We plot the distributon of hourly wage by gende and age group. We observed that wage differences between men and women accross age group. Is this graph illustrates discrimination against women in the Canadian Labor Market ?

The goal of this tutorial is to provides a technique to disentagle discrimination from other relevant factors in the labor market.

Following becker(1957), the discrimination may arise from the fact that some employers feel a desinclination to hire workers belonging to certain groups. To illustrate the theory of taste discrimination, let us consider a labor market composed of workers who each produce quantity \(y\) and who belong to two groups A and B, All employers have an aversion for workers of group A, even they have the same productivity as workers in group B.

- Gain of employing a worker from group B : \(y-w_A -u\)
- Gain of employing a worker from group A : \(y-w_A\)

where

\(w_A\) is the wage received by workers in group A

\(u>0\) is a parameter that represents the aversion employers feel toward workers of group A

Under perfect competition, if the economy is composed solely of employers having an aversion toward workers of group A, the members of this group obtain \(w_A= y-u\) and members of group B receives \(w_A= y\). Thus, individuals in the nondiscriminated group, i.e belonging in B, obtain a higher wage, equal to their productivity.

In the same setting, if the labor supply of both groups rises with wages, individuals in the discriminated group are, all other thing being equal, in employment less often.

If there exist employers who experiences no aversion for indfividuals in group A and if these employers can freely enter this labor market, the wage difference between the two groups will disapears. The null profit entails, on one hand, that the workers of group A and B obtain the same wage equal to their productivity (\(w_A=w_B\)). At the end, the employers experiencing an aversion towards workers of group A refrain form hiring these workers.

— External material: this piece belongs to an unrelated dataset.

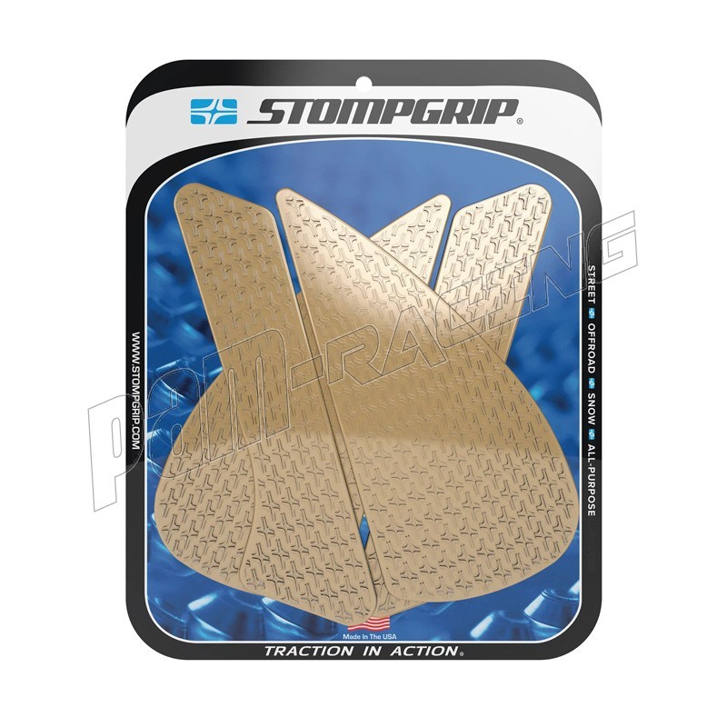 En 2002, STOMP Design élargit sa gamme jusqu'aux sports mécaniques, en lançant les grips de réservoir STOMPGRIP, spécialement conçus pour les moto-cross. Ces grips abrasifs ont pour vocation de garder le pilote en selle, en collant à son pantalon ou à ses bottes. Ils sont depuis lors applicables aux machines de route, de cross ou de quad. Ce sont finalement des accessoires indispensable, et des alliés contre la fatigue et le ballotage, quelle que soit votre machine de prédilection. Les grips sont spécialement conçus en fonction de la physionomie de chaque machine, ils sont également coupés à l'arrondis, afin d'éviter les décollements précoces. La surface en caoutchouc est soit transparente, soit noire, pour respecter l'esthétique de votre machine. Ces produits sont conçus pour s'user à la manière des pneus, et sont à remplacer périodiquement.

According to the theory advocated by Becker(1957), employer and employee discrimination resulting in persistent wage differences cannot occur in perfect competitive markets, in which by definition all workers are paid according to their marginal productivity. Hence, discriminaton occurs under imperfect competition.

Discrimnation is rarely observed directly. In most cases, it is impossible to disentagle what factor in wage differences among people holding the same job reflects individual differences or deliberate discriminatory decisions by the employer. In this part, we will present two methods used by economist to quantify discrimination.

Estimations of wage equations : Including controls variables.

Decomposition methods

The standard approach consists of estimating an equation in which the logaithm of income is explained by a set of factors like the duration and quality of schooling, experience, and region and by dummy variables representing etchnic origin.

\[\Large \ln w_{i}=x_{i}\beta + \alpha F_i + \gamma Z_i + \varepsilon_i\]

Where

\(x_i\) is the vector of individual characteristics (age,schooling,experience)

\(F_i\) is a dummy variable, which take 1 if the worker is female

\(Z_i\) represents relevant factor in the labor market: tenure, experience and level of education.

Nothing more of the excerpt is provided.